Problem description
Retype nothing except the lines below from the one with "商洛市蔬菜农批市场价格监测情况(2026-01-06)" through the one with "Brett Verdon trudges", exactly, with images left out.

(Dataset excerpts)
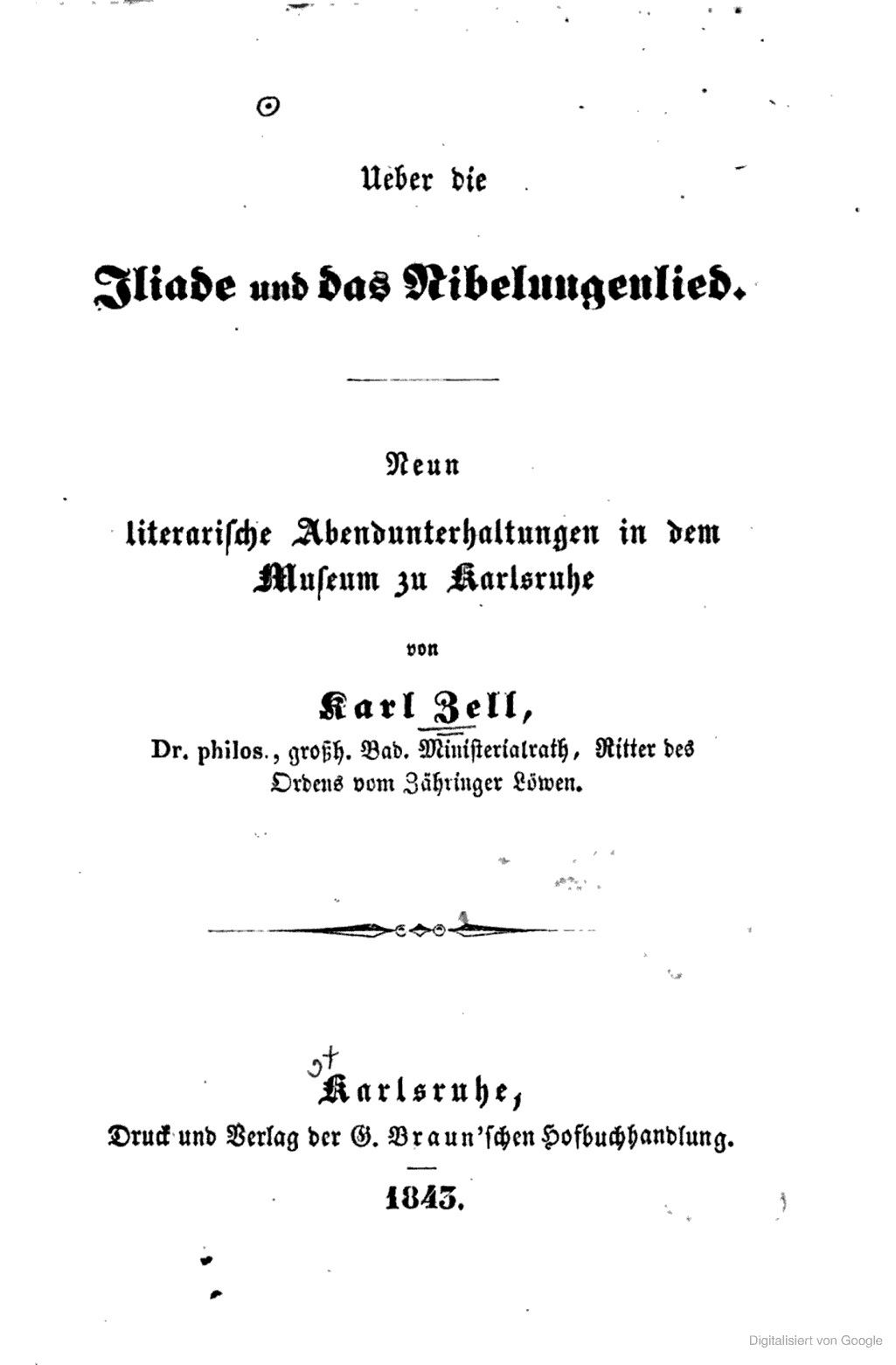 Ueber der Nibelungen Liet. An den Herrn Johann Joachim Eschenburg, Hofrath und Professor am Carolino zu Braunschweig von G.1795 BT: 998 Standort: Wien – Österreichische Nationalbibliothek (ÖNB) Signatur: 5698-B
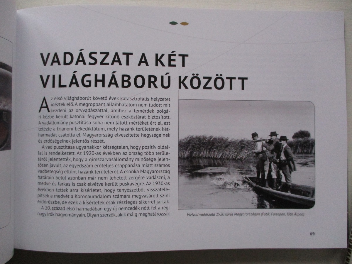 A Magyar Mezőgazdasági Múzeum kiadásában megjelent 283 oldalas kötet közel fele mutatja be a magyar vadászattörténetet, de képet ad arról is, hogy milyen kihívásai vannak ma a vadászatnak, merre tartunk, követjük-e elődeink nyomdokait. Nagy örömünkre szolgál, hogy a hagyományos vadászati módok jeles szakértői is egy-egy tanulmánnyal járultak hozzá a tartalomhoz: Turcsányi Zoltán a solymászatról, Ambrózy Árpád a vadászíjászatról, Keresztes János az agarászatról. Tűzfegyverek, hidegfegyverek, vadászijászat, vadászati módok, solymászat, agarászat, főúri vadászat, lőfegyverek fejlődése stb. Átfogó, szerteágazó ismeretet ad, a vadászat teljes egészéről, illusztris albumba foglalva.
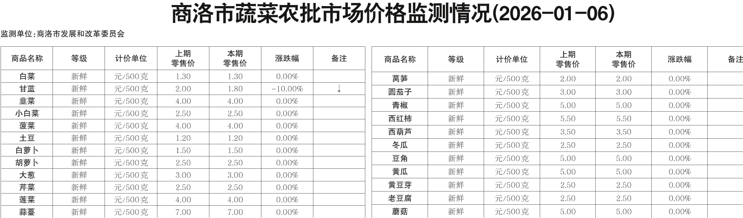 商洛市蔬菜农批市场价格监测情况(2026-01-06)
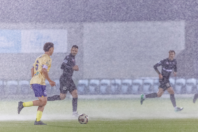 Brett Verdon trudges through midfield as rain and hail pour down. (Mark Willoughby: 500456_02)
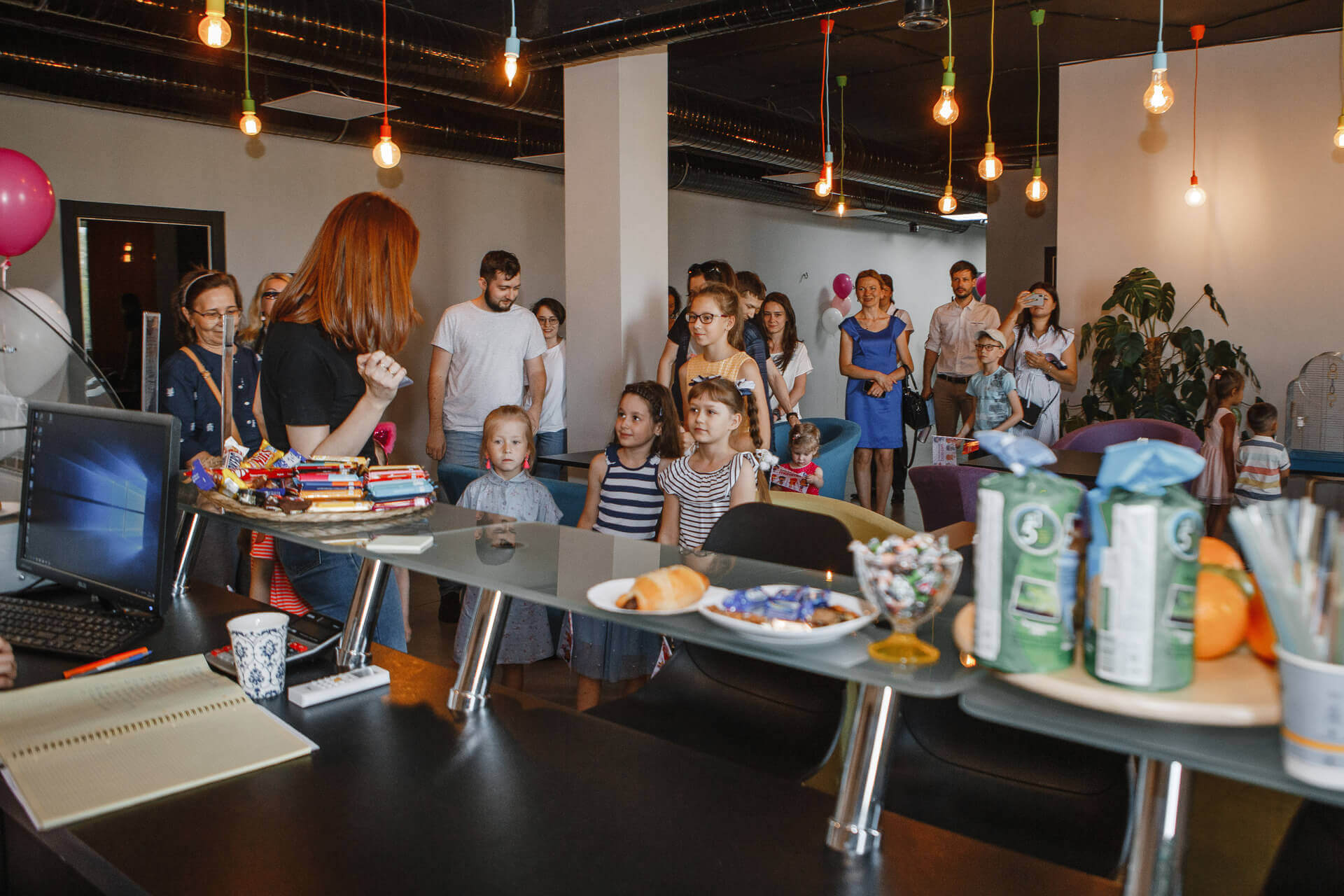 Для детишек сотрудников нашей компании прошла экскурсия по офису, где работают их родители, весёлая анимация развлекала маленьких гостей, на творческих мастер-классах каждый смог придумать свой собственный дизайн тарелок фрисби и футболок с корпоративным логою а ещё ребята сами слепили игрушку-лизун флаффи-слайм, с которым весело играть. Детский вариант игрушки антистресс)))
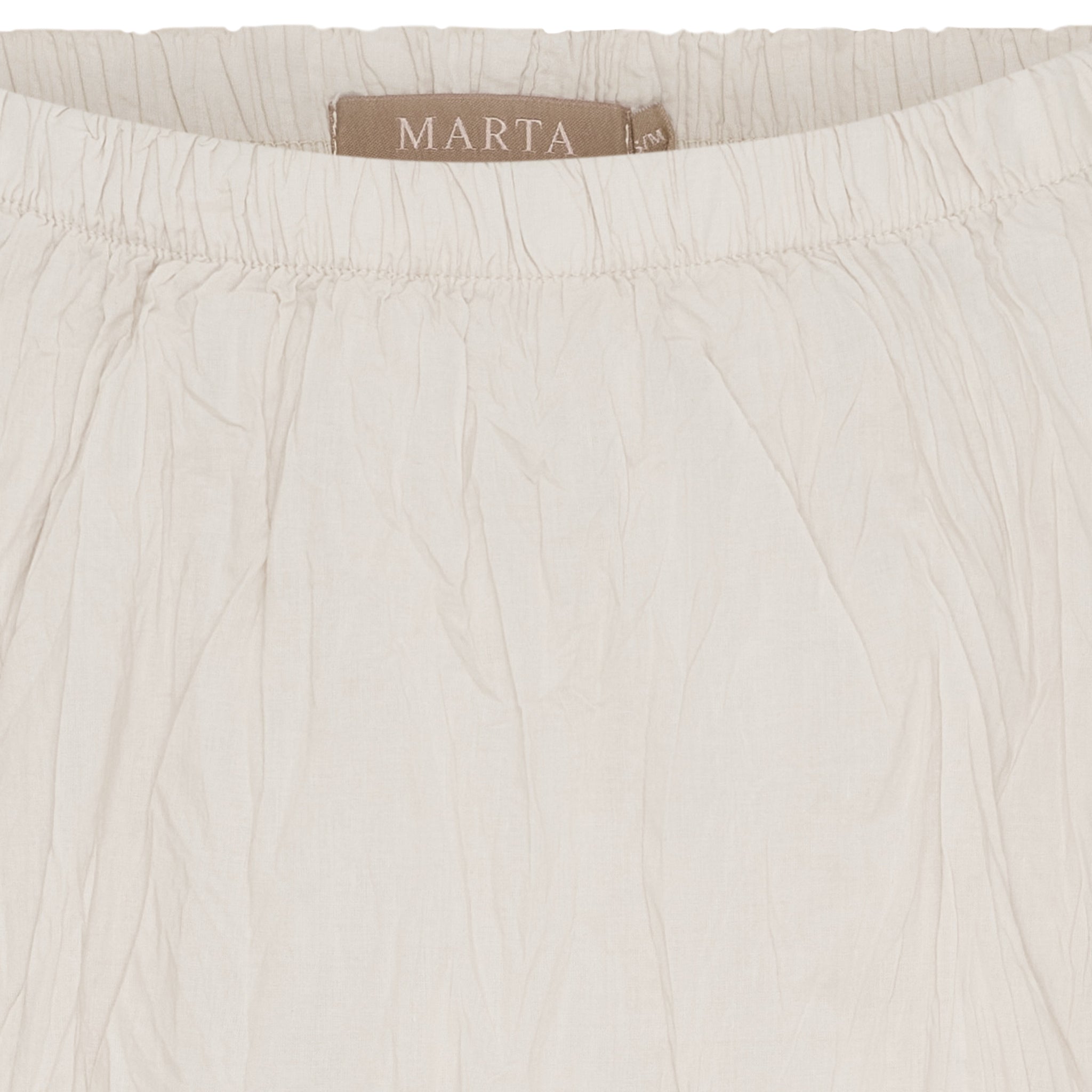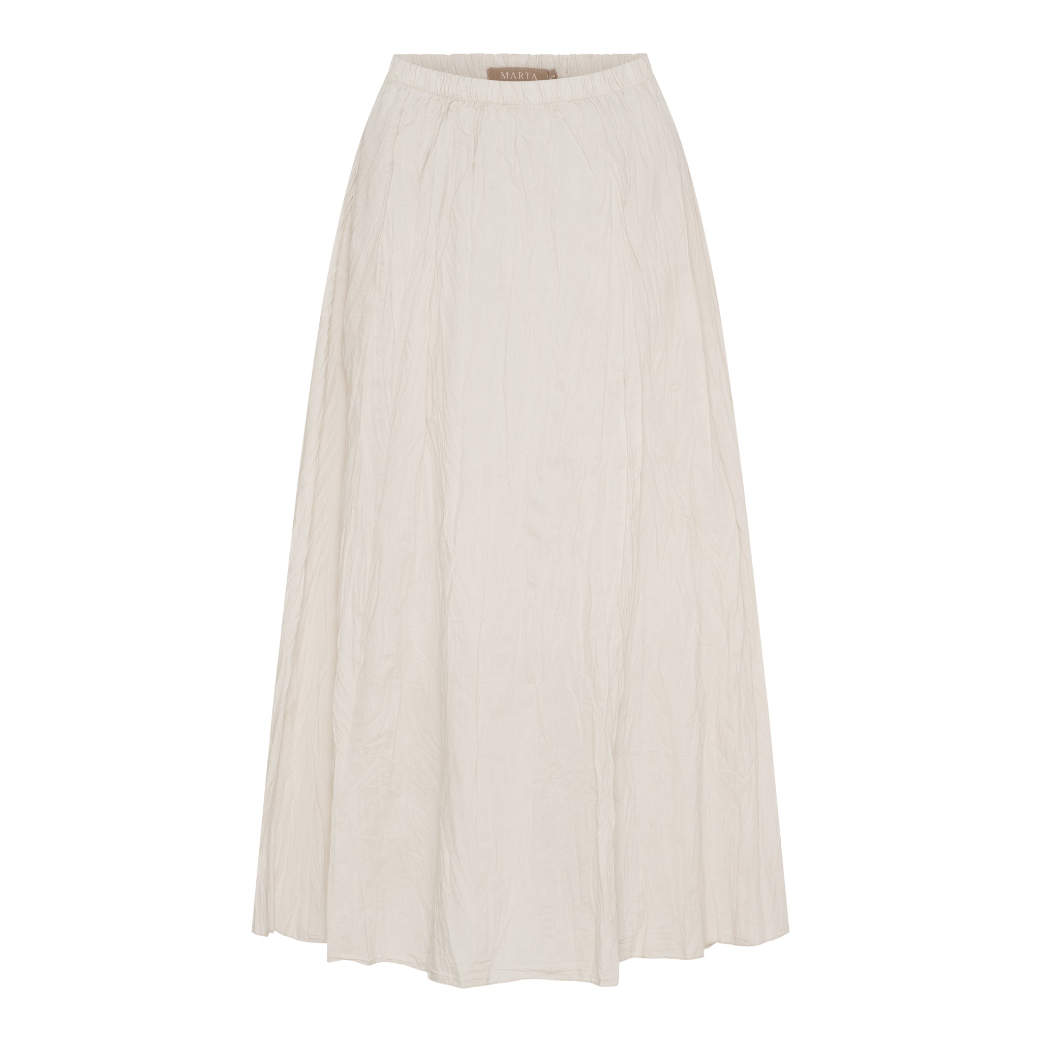 Denne lange nederdel kombinerer komfort med et smukt, naturligt udtryk. Den er fremstillet i en let og luftig bomuldskvalitet med et diskret krøllet look, som giver den et casual og feminint præg. Perfekt til sommerdage, ferier eller bare en afslappet dag, hvor du stadig vil føle dig pæn.
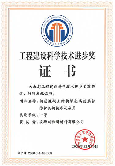 | 喜报!安徽瑞和新材料有限公司荣获2020年工程建设科学技术进步一等奖 | |
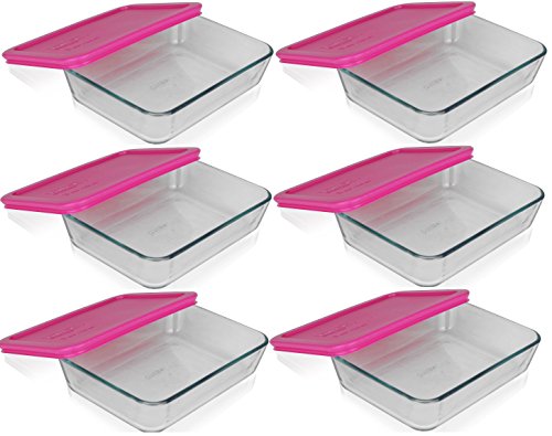 - Includes (6) 3-Cup Rectangular Dish with Pink Plastic Lid Made of nonporous glass that won't chip, stain, or absorb odors
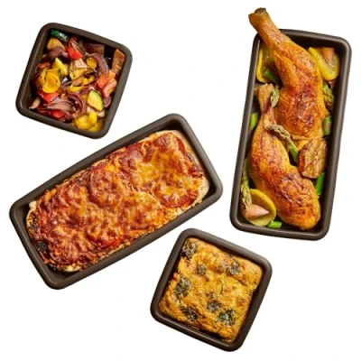 4 premium platinum silicone baking moulds All four moulds perfectly fill a conventional baking tray, each 2 moulds 11 x 11 x 3 cm and 11 x 24 x 3 cm Ideal for several small dishes at the same time Made from 100% premium platinum silicone: fruit acid resistant, food safe, tasteless and odourless, BPA-free Dishwasher-safe
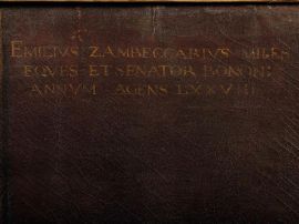 iscritto in alto a destra Emilius Zambeccarius miles/eques et senator
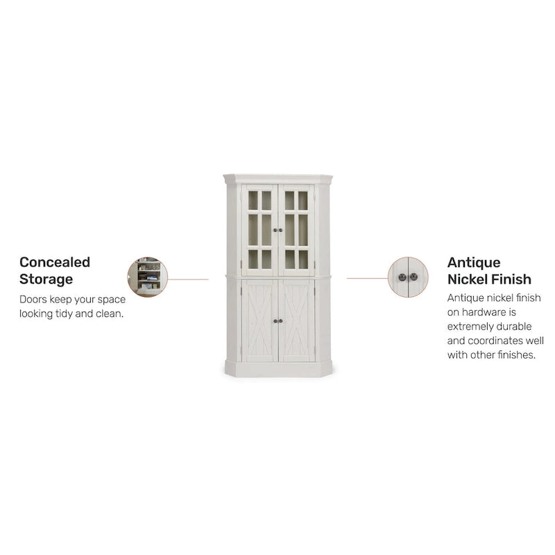 Store and display your cherished items with the Homestyles Seaside Lodge Corner China Cabinet. Featuring glass cabinet doors to showcase your valuables or wood doors to conceal storage, this durable cabinet offers ample storage space for any room in your home. Crafted from a combination of hardwood and engineered wood, this piece is built to last and boasts a refined, timeless off-white finish. The aged finish adds character and unique charm to this one-of-a-kind cabinet.

Exercise output
 商洛市蔬菜农批市场价格监测情况(2026-01-06)
 Brett Verdon trudges through midfield as rain and hail pour down. (Mark Willoughby: 500456_02)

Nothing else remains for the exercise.